Достав телефон, я вызвал фотоархив. Картинки выстраивались в ряды, и я машинально нажал на ту, что стояла крайней. Но почему-то открылось фото недельной давности — я, Максим и Артём на фоне перегрузочной центрифуги. Ну да, после двенадцати «жэ» щёлкнулись на память…

Свернув картинку, я задал сортировку по дате — так, чтобы сегодняшний снимок оказался в начале списка. Однако он там не появился. Красно-чёрный значок вроде бы мелькнул где-то ниже, уползая за край экрана. Я быстро пролистал каталог, но так и не выловил искомую фотку, она бесследно исчезла. Как в воду канула — в ту самую, вероятно, где паромная переправа или разводной мост…

— Ну, что там, Рябцев? — спросил декан.

— Извините. Похоже, глюк — картинка не сохранилась.

— Ничего страшного, — сказал Павлов. — Современная электроника не всегда работает идеально — будь она хоть советская, хоть американская, хоть японская. Обойдёмся без иллюстраций, вашего рассказа достаточно. А если в общем и целом — как у вас настроение перед практикой, Тимофей?

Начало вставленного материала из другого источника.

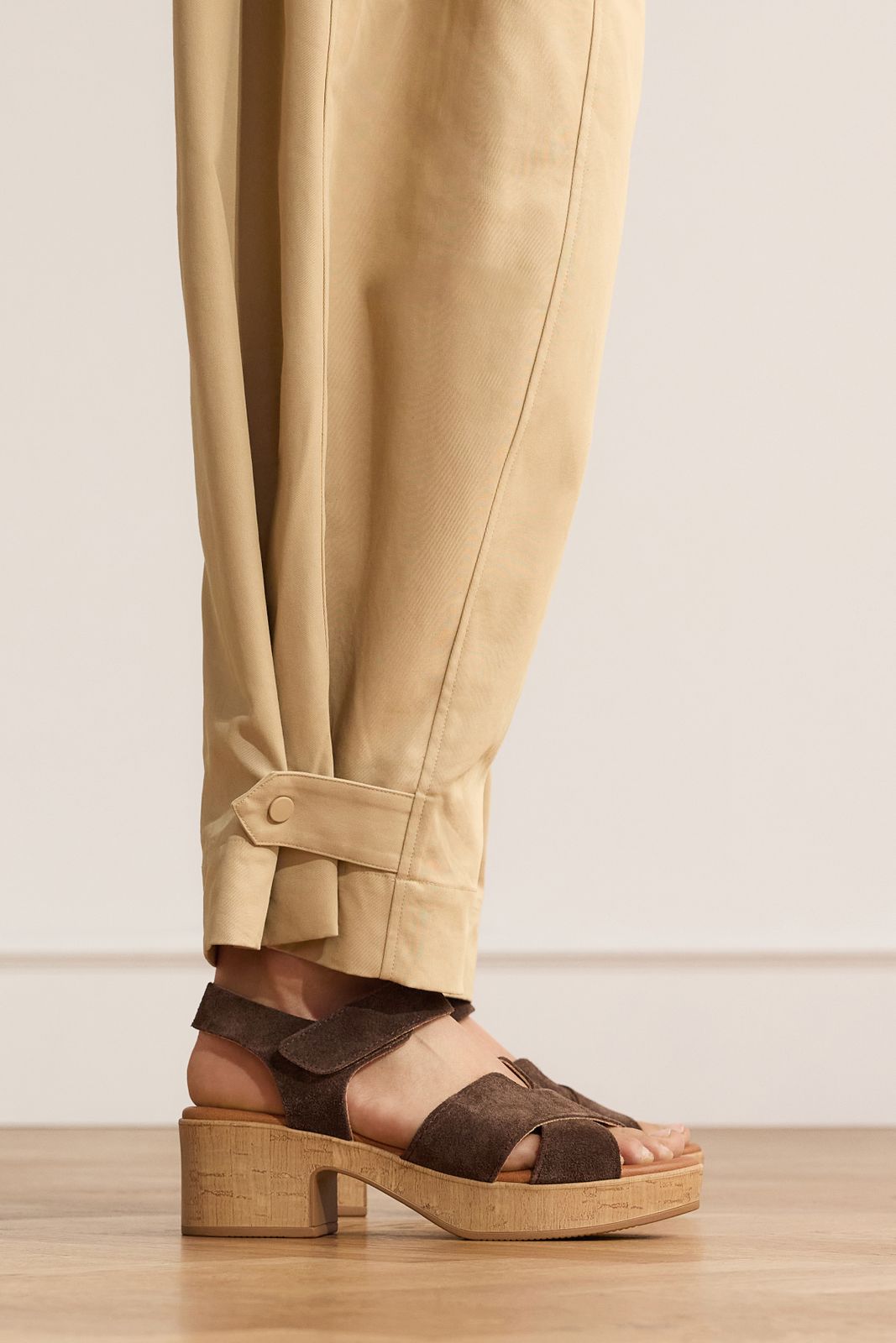 Bruine suède sandalen van Manfield. De sandalen hebben een blokhak van 6 cm en een klittenband sluiting rondom de enkel. We adviseren als verzorging en bescherming de suède/nubuck spray in transparant.

— Жду её с нетерпением. Это я без иронии — действительно жду.

— Нисколько не сомневаюсь. Молодёжь просто бредит космосом, а уж студенты Академии — и подавно… А вне учёбы? Как складывается общение с друзьями или в кругу семьи? Вы, кстати, давно общались с родителями? Они ведь, если не ошибаюсь, живут далеко отсюда…

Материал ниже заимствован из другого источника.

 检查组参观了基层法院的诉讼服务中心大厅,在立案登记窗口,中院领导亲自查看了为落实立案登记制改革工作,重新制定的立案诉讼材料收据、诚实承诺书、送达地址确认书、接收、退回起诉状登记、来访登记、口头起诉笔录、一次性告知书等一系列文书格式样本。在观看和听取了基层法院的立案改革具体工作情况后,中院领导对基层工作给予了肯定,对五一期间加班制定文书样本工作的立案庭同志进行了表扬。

— На Сахалине. Но мы буквально на днях созванивались, у них всё по-прежнему. С друзьями — тоже окей. Без драк.

— И на том спасибо. — Павлов негромко хмыкнул. — Драки между будущими асами Космофлота — это не то, что нужно прогрессивному человечеству… Ну, и коль скоро мы рассуждаем о психологии, давайте чуть добавим наглядности. Я вам тоже хочу показать картинки — только без всякой техники, по-простому, вы уж не обессудьте…

Павлов достал из папки несколько квадратных картонок и выложил их на тумбочку рядом с креслом. На карточках были геометрические фигуры — круг, трапеция, ромб, овал, пара симметричных многоугольников и хитрая загогулина, похожая на растолстевшую букву «м».

— Пожалуйста, — сказал Павлов, — выберите что-то одно.

Я покосился на него с недоверием. Это выглядело как розыгрыш — полудетские тесты на собеседовании, от которого зависела моя практика (а может, и вся карьера вообще). Но Павлов встретил мой взгляд всё с той же безмятежной улыбкой.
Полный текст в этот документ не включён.